Penn Quarter’s China Chilcano puts cell-cultivated poultry on the menu this month

José Andrés grilling China Chilcano’s new anticuchos de pollo dish made of cultivated chicken.
Tierney Plumb is the editor of Eater DC, covering all things food and drink around the nation's capital.

Culinary superstar José Andrés just made history by selling Good Meat’s cell-cultivated chicken for the first time in the U.S., right here in D.C.

The chef and global humanitarian hosted the landmark meal at his Penn Quarter Peruvian restaurant China Chilcano on Wednesday, July 5, preparing the charcoal-grilled chicken for a select crowd.

The same skewers, marinated in anticucho sauce and served with native potatoes, will officially land on China Chilcano’s menu starting July 31. Reservations to try the revolutionary chicken go live on July 25, with limited quantities available each week.

Cultivated chicken with anticucho sauce, native potatoes, and ají amarillo chimichurri.
Ana I. Martinez Chamorro

The meal comes two weeks after Good Meat received final regulatory approval to sell its chicken to American consumers.

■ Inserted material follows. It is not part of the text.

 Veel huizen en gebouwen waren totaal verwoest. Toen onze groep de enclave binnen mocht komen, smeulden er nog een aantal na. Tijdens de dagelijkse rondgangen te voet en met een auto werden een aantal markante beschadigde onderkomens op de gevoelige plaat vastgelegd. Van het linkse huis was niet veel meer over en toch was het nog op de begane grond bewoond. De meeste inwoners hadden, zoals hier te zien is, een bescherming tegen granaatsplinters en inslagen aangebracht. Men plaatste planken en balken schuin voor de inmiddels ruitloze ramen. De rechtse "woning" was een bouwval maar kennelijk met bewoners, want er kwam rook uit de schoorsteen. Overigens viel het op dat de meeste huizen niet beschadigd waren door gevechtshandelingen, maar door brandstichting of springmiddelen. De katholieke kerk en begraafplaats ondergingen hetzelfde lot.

Its California-based food technology parent company Eat Just Inc. created the world’s first-to-market meat that’s grown from animal cells instead of slaughtered livestock. Singapore was the first place to receive approvals for the product in 2020, and Eat Just was awarded a key clearance earlier this year to scale up and manufacture the sustainable meat for less.

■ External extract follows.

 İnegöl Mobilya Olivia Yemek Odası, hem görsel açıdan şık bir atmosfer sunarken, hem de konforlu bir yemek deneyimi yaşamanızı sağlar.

Andrés’ milestone dinner honored the “godfather of cultivated meat” Willem van Eelen, the late Dutch entrepreneur who would have celebrated his 100th birthday on July 4, 2023. His daughter and Good Meat advisor, Ira, was among the first to try the meat at China Chilcano.

“The big day is here, the chicken is here, and people are going to be talking. This is a first for the history of humanity,” said Andrés, in a statement, adding he picked China Chilcano as the inaugural spot to sell the meat because “Peru is a country of many civilizations at once.”

Ira van Eelen has continued in her father’s footsteps as a global champion for cultivated meat.
Ana I. Martinez Chamorro

Meanwhile, San Francisco diners were the first in the U.S. to sample the futuristic chicken at a restaurant just days earlier. At Michelin-starred Bar Crenn, chef Dominique Crenn started serving a tempura-fried take with a burnt chili aioli on Saturday, July 1 as part of a new partnership with another lab-grown meat producer (Upside Foods).